Thanks for everyone's help with this issue - its much appreciated!
2) Message boards : Number crunching : Need help - Seti v8 MB units running forever (Message 1769873)
Posted 5 Mar 2016 by Profile Eric B
I noticed your host 7011730 that was having the issue looks to be running an older OS, Linux 3.11.10, than your two other machines. Which have Linux 4.1.2 & Linux 4.4.3.

Possibly an older lib somewhere mucking up the works for the stock app?

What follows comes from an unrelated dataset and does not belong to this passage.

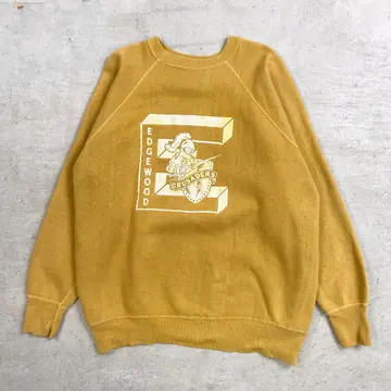 60年代 EDGEWOOD CRUSADERS カラーフロッキープリント 脇下ガゼット 騎士 メンズM相当 古着 60s ヴィンテージ VINTAGE ヴィンスウェ ビンスエ アメカジ スポーツチーム マスタードイエロー

The normal kernel for OpenSuse 13.1 is 3.11 In my case, I updated the kernel on those machines myself. I have a 4.4 kernel I'm working on as time permits and will be switching to that on erb1 at some point down the road. erb1 got rebuilt/reformatted about 10 months ago or so because it had been through too many upgrades and things were getting weird there, so I did a fresh 13.1 install. (I tried 13.2 at that time too but I didn't feel it was really ready for prime time so I reformatted and went back to 13.1)
3) Message boards : Number crunching : Need help - Seti v8 MB units running forever (Message 1769871)
Posted 5 Mar 2016 by Profile Eric B
I tried an experiment this afternoon and installed the Lunatics V8 MB executable just to see if that was going to have the same issue - and so far it hasn't. Of course its going to take several days to see this is really working but it looks promising after 6 hours or so on lunatics. One thing i do notice with lunatics tho and maybe its nothing but the estimated total time per work unit seems high most are 5 hours plus and some are 14 and a few are around 2 hours.

Switching to anonymous platform means the server has to relearn how long it takes to complete tasks for the application. It also happens when switching to a new application like the change from SETI@home v7 to SETI@home v8.
After about 10-11 completed tasks you will see the estimated time for newly received tasks will be lower and lower until it is accurate.

I would guess the 5 and 2 hour tasks are probably VHAR tasks or the the 14 hour ones are VLAR tasks.


Yup, you are right, after 12 hours or so the estimated times dropped down to the normal 2.5 hrs I used to see. good to understand that now - tahnks
4) Message boards : Number crunching : Need help - Seti v8 MB units running forever (Message 1769634)
Posted 5 Mar 2016 by Profile Eric B
I think this looks just like the good old stuck in benchmarks bug.

Eric, could you unhide your hosts or give a link to this one. It would be nice to see the stderr from more tasks.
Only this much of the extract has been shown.